We’re not going to crucify Gray for the timing of the interview. We can completely understand someone who doesn’t plan on working in the same job for the rest of their life, so why hold it against Gray if he was simply trying to advance his career?
Now, that being said, there are two reasons we’d be okay if Gray moved on to another organization.
First of all, one of the top priorities of Shanahan and general manager Bruce Allen should be to remove any and all controversy surrounding this franchise. This new regime represents the perfect opportunity for a fresh start. And let’s be honest – when it gets to a point where young players are openly mocking the situation by referring to the area as Drama City, you know you’ve got problems. If turning the franchise around means moving on without Gray, running back Clinton Portis or anyone else, then we’re all for it. The Redskins have had more than enough dysfunction recently.
Our second reason is simple – Gray failed at his job. Think about it; was there a more disappointing unit on the Redskins last season than the secondary? Sure, the offensive line was a joke, but that’s because the front office neglected it. Joe Bugel still did a masterful job of coaching up the substandard group he was handed.
Meanwhile, Gray was given a stack of former first rounders – LaRon Landry, Carlos Rogers, DeAngelo Hall – along with established names like Fred Smoot, Chris Horton and Reed Doughty, and yet, the team was incapable of stopping anyone.
Out of those six names, maybe only Doughty has seen he’s stock rise from a year ago to now. Landry apparently gave up on trying to play safety. Instead he runs around attempting to “hit stick” anybody nearby. Landry and Rogers were so pitiful against any receiver who did a double move, that we openly joked if they trapped us in a dark alley, we know how to get out of there untouched.

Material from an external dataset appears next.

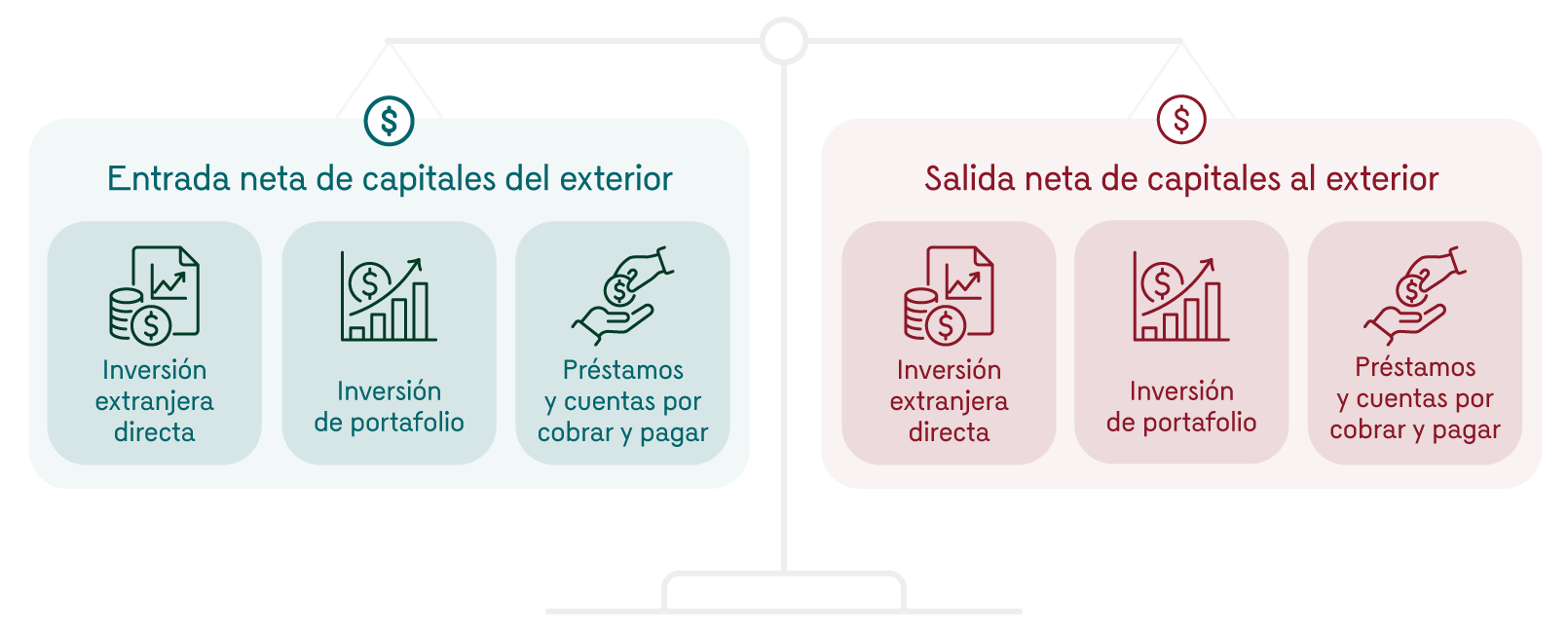- Como la diferencia (resta) entre la entrada y salida neta de capitales a Colombia desde y hacia el exterior (que incluyen la inversión extranjera directa, la inversión de portafolio, los préstamos y cuentas por cobrar y pagar).

Prior to his season-ending toe injury, Horton played well, but he was also benched in the first month of the season for reasons that are unclear. Hall is one of the only players in that secondary who is capable of creating turnovers, but he also gets burnt from time to time and isn’t exactly the best tackler in the league. Both Smoot and Rogers also dealt with limited playing time at various points in the season as the coaching staff attempted to deliver a wakeup call to them for their uneven performances.
When the team added defensive tackle Albert Haynesworth and rookie linebacker Brian Orakpo, they made it clear the plan was to disrupt offenses in hopes of getting more sacks and turnovers. Even with Haynesworth in and out of the lineup, the defensive line did a masterful job of creating pressure, as the ‘Skins finished with 40 sacks a year (up from 28 the season prior).
In 2008, the Redskins were tied for 17th in the NFL with 13 interceptions. This season, even with a vastly improved defensive front, the Redskins secondary actually regressed – tying for 27th with 11 picks.
To recap: they got torched for big plays all year long, couldn’t make a stop when the game was on the line, half of the secondary was benched at some point during the season due to ineffectiveness and statistically speaking, they’re moving in the wrong direction. Which part of that comes across as a ringing endorsement for Gray?
So yeah, forgive us for being okay if the team and Gray part ways. We don’t think he’s a bad person and don’t buy into the notion that he acted shady and underhanded. We just don’t think he did a good enough job to warrant any sort of promotion here. If some other team wants to make him their defensive coordinator, it really might be best for everyone involved.